Scottish secretary Jim Murphy sacked Stuart MacLennan, who was the PPC for Moray, after the Sun newspaper reported he had called Labour MP Diane Abbot a “f****** idiot” and Commons Speaker John Bercow a “t**”.
Party leaders did not escape either, with the Conservatives’ David Cameron labelled a “t***” and Liberal Democrat leader Nick Clegg called a “b******”.
Last night he apologised and said he had “let himself down” in a statement. Following sustained pressure from the Conservatives Labour eventually bowed to their demands.
“Stuart MacLennan has been sacked as Labour’s candidate for Moray for the totally unacceptable language which he has expressed online,” a Labour party spokesperson said.
“On reading the comments in full, the Scottish Labour party was outraged by their content and Scottish Labour’s general secretary took the decision to suspend his membership of the Labour party. Stuart MacLennan is no longer a Labour party candidate nor eligible to hold office as a Labour party representative.”
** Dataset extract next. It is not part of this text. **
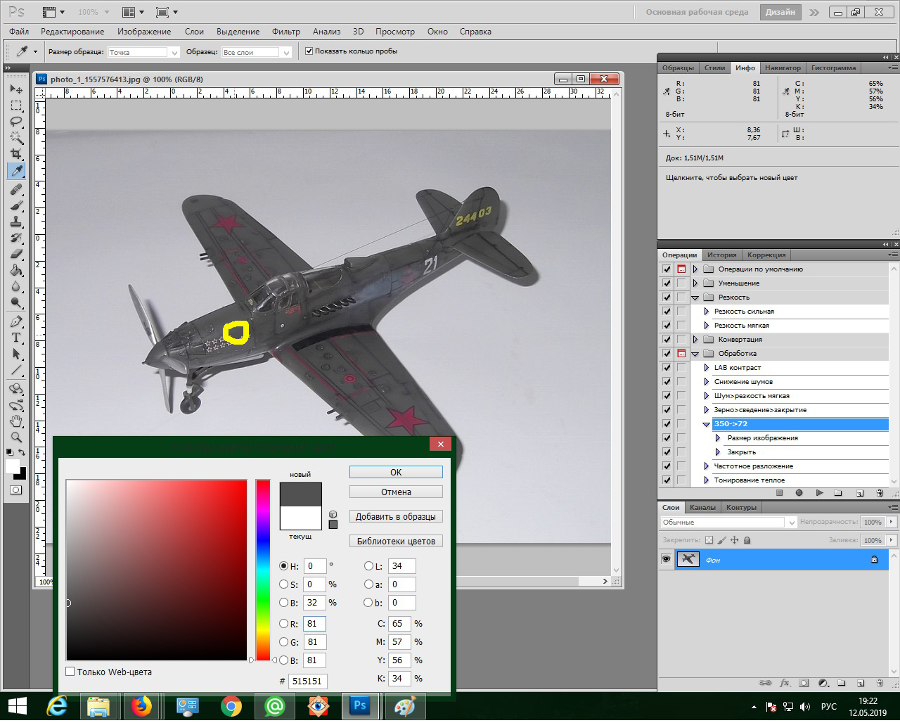 Оценивал я готовую работу по выставленным в галерее фотографиям. В стройке цвета не сильно отличаются от представленных в галерее. Цвет мне показался совершенно не правильным, о чем и написал. Это мое мнение и я имею на него право. Если вы считаете, что самолет должен быть серым с зеленоватым оттенком - это ваше мнение и вы так же имеете на него право.

Scottish Conservative leader Annabel Goldie had said Mr MacLennan should stand down “if he has any shred of remorse or decency”.
She suggested Mr MacLennan’s case was not unusual.
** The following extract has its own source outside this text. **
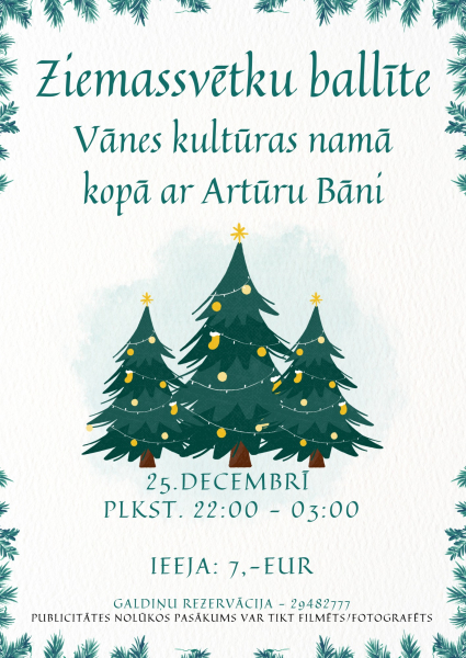 Ziemassvētku balle Vānes kultūras namā būs 25.decembrī no pulksten 22:00. Par mūziku rūpēsies Artūrs Bānis.

“Labour have run a repugnant and desperate campaign so far, twisting the truth and using fears and smears to scare the most vulnerable people in our society,” she commented.
“This candidate’s behaviour is entirely consistent with this type of campaign.”
And shadow Cabinet member Sayeed Warsi went further. She said: “Stuart MacLennan’s comments are highly offensive, especially to ethnic minorities, elderly people and women.
“Yet Ed Balls, Andy Burnham, Ben Bradshaw and John Prescott, among other senior Labour figures, all followed his tweets without raising a note of protest.”
Mr MacLennan had been campaigning against the Scottish Nationalist party’s Westminster leader Angus Robertson, who took over 36% of the vote in 2005. Labour came third in the seat at the last election, with the Tories in second.